***** Available data *****

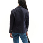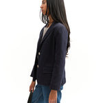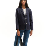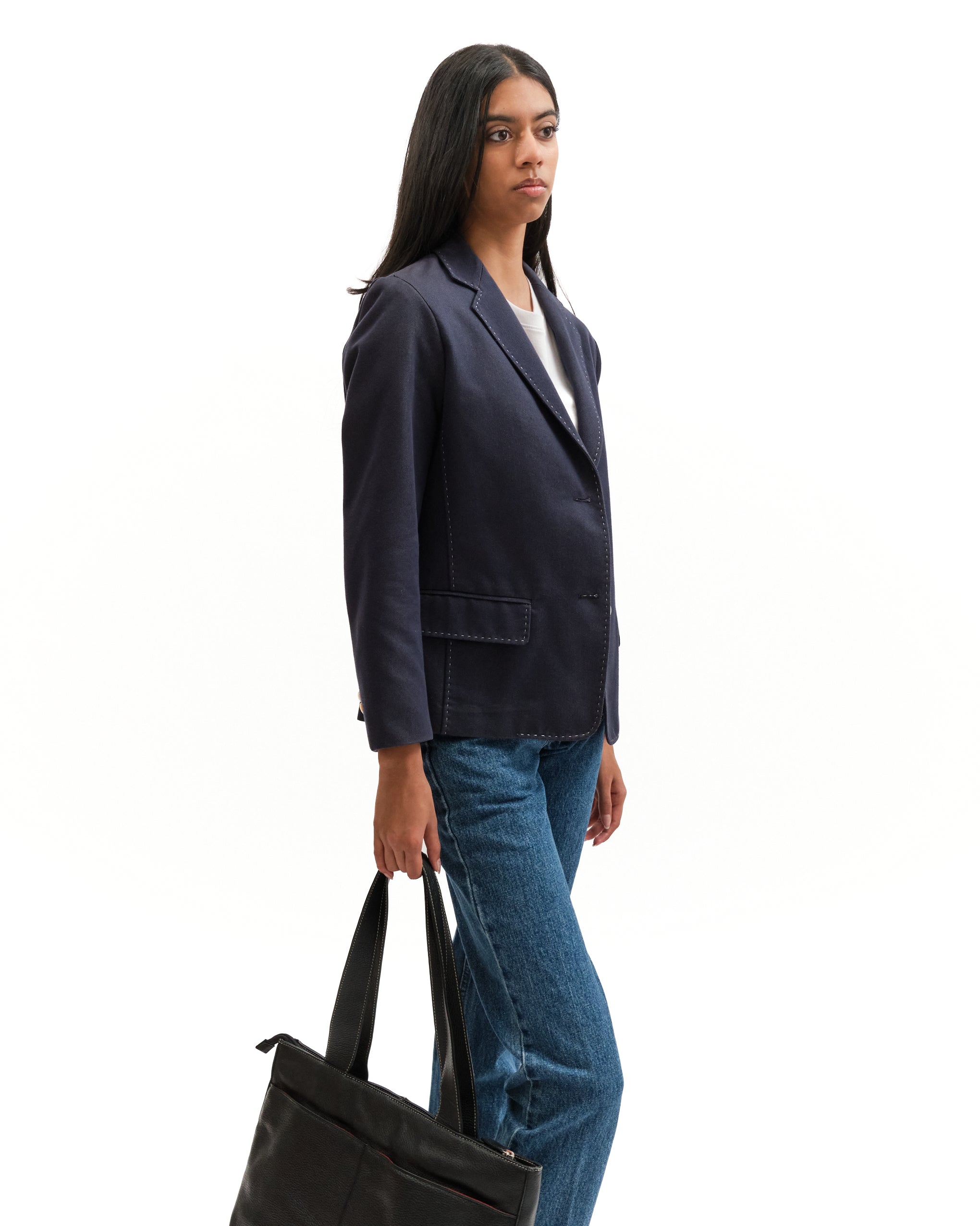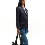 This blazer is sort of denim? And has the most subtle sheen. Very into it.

*****
***** Available data *****

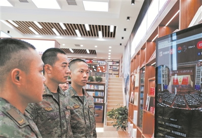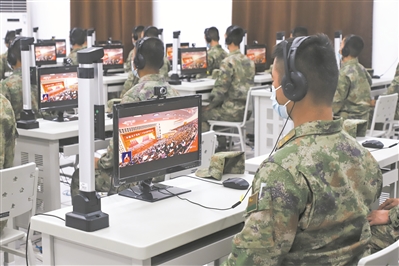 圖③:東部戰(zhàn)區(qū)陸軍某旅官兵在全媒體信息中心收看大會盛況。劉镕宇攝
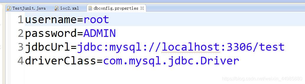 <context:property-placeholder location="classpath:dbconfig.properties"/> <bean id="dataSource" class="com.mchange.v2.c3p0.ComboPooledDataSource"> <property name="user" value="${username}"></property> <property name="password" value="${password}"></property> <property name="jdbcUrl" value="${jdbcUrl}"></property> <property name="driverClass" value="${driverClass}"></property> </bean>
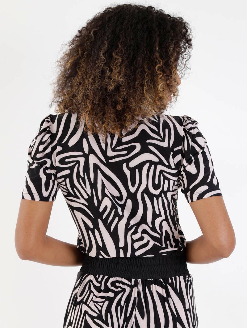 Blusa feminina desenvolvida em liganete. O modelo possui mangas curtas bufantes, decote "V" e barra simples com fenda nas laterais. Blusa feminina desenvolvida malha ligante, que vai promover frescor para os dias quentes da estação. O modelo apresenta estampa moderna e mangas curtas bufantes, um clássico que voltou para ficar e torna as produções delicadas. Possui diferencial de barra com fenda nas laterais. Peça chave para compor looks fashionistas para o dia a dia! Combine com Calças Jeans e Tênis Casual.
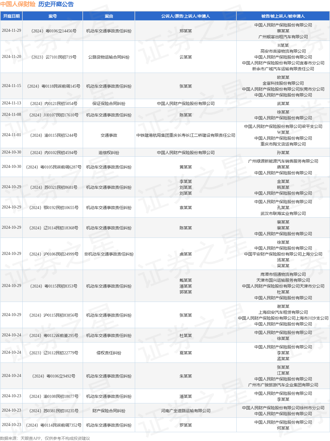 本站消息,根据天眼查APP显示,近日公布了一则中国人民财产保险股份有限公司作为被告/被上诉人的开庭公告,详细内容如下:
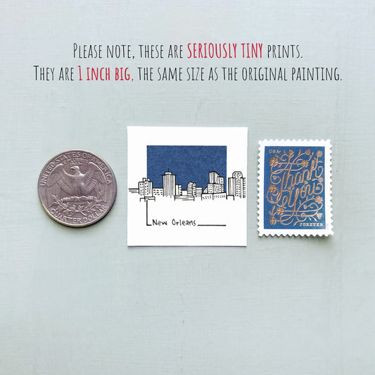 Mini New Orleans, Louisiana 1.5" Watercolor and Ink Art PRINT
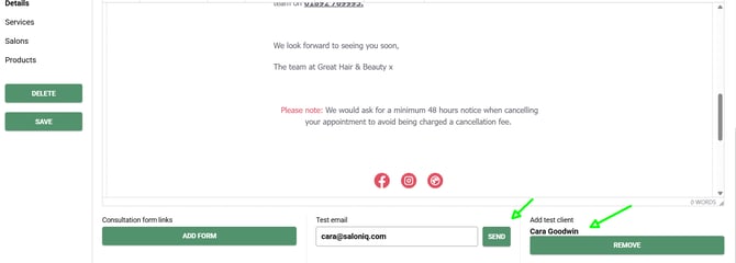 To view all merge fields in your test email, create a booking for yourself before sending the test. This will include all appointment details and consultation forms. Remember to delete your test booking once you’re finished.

*****

:: The task ::
Exact repeat of the material above: every line from the one with "Mini New Orleans, Louisiana" through the one with "To view all", endpoints included, and nothing more. No pictures.

:: Expected answer ::
 Mini New Orleans, Louisiana 1.5" Watercolor and Ink Art PRINT
 To view all merge fields in your test email, create a booking for yourself before sending the test. This will include all appointment details and consultation forms. Remember to delete your test booking once you’re finished.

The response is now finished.